> [Task requirements]
Your answer should hold exactly the lines beginning with the one that contains "My house has" and ending with the last line of the material, both included. Leave every picture out.

[Records to process — start]

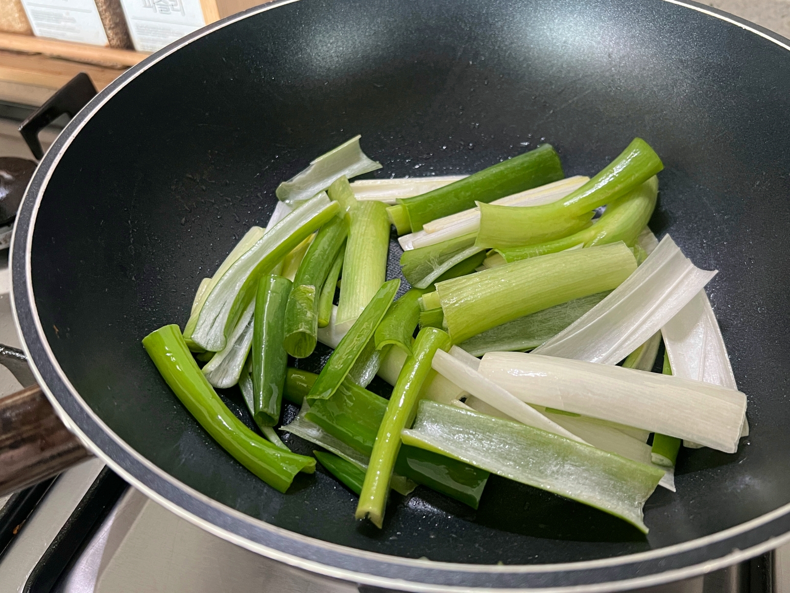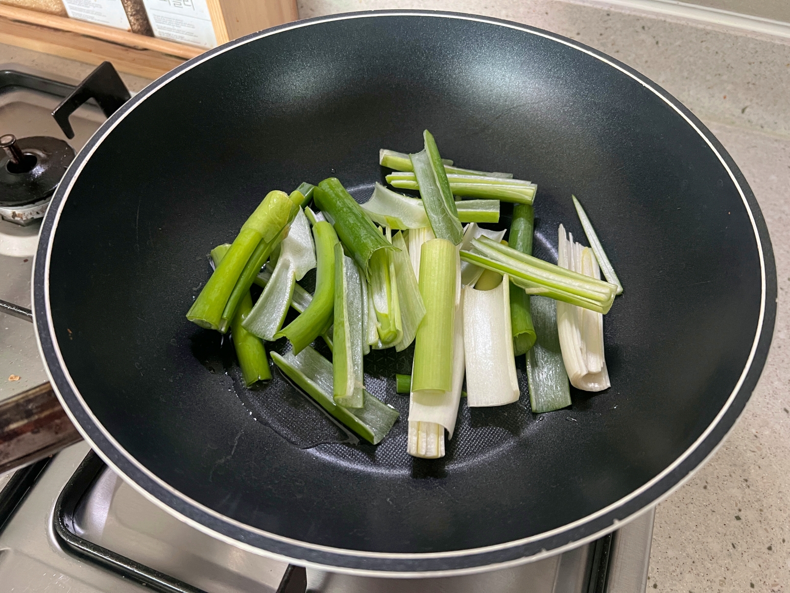 기름을 넉넉히 두르고 대파 먼저 볶기
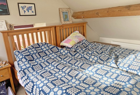 My house has one bedroom downstairs with a double bed and twin beds up steep steps in the traditional ‘crog loft’.
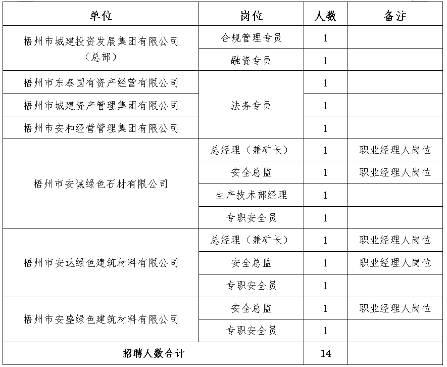 崗位要求詳見《梧州市城投集團招聘計劃表》(附件1)。
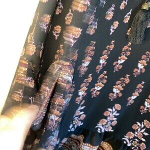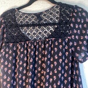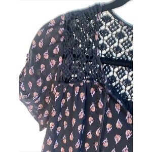 super cute hippie 70s 60s inspired !!!Beautiful forever 21 floral open knit crochet back and front prairie peasant oversize Boho V-neck crochet open back flowy baggy dress with an attached under skirt. Two front tie tassels with metal beads. Excellent used preowned condition. Can wear as a dress or tunic top.
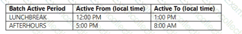 Solution: Create a batch job to have an active period of AFTERHOURS and a recurrence of Daily. Select the Every Weekday setting, and set the batch job to run as part of BATCHGROUP2.

[Records to process — finish]

> [Answer to this problem]
 My house has one bedroom downstairs with a double bed and twin beds up steep steps in the traditional ‘crog loft’.
 崗位要求詳見《梧州市城投集團招聘計劃表》(附件1)。
 super cute hippie 70s 60s inspired !!!Beautiful forever 21 floral open knit crochet back and front prairie peasant oversize Boho V-neck crochet open back flowy baggy dress with an attached under skirt. Two front tie tassels with metal beads. Excellent used preowned condition. Can wear as a dress or tunic top.
 Solution: Create a batch job to have an active period of AFTERHOURS and a recurrence of Daily. Select the Every Weekday setting, and set the batch job to run as part of BATCHGROUP2.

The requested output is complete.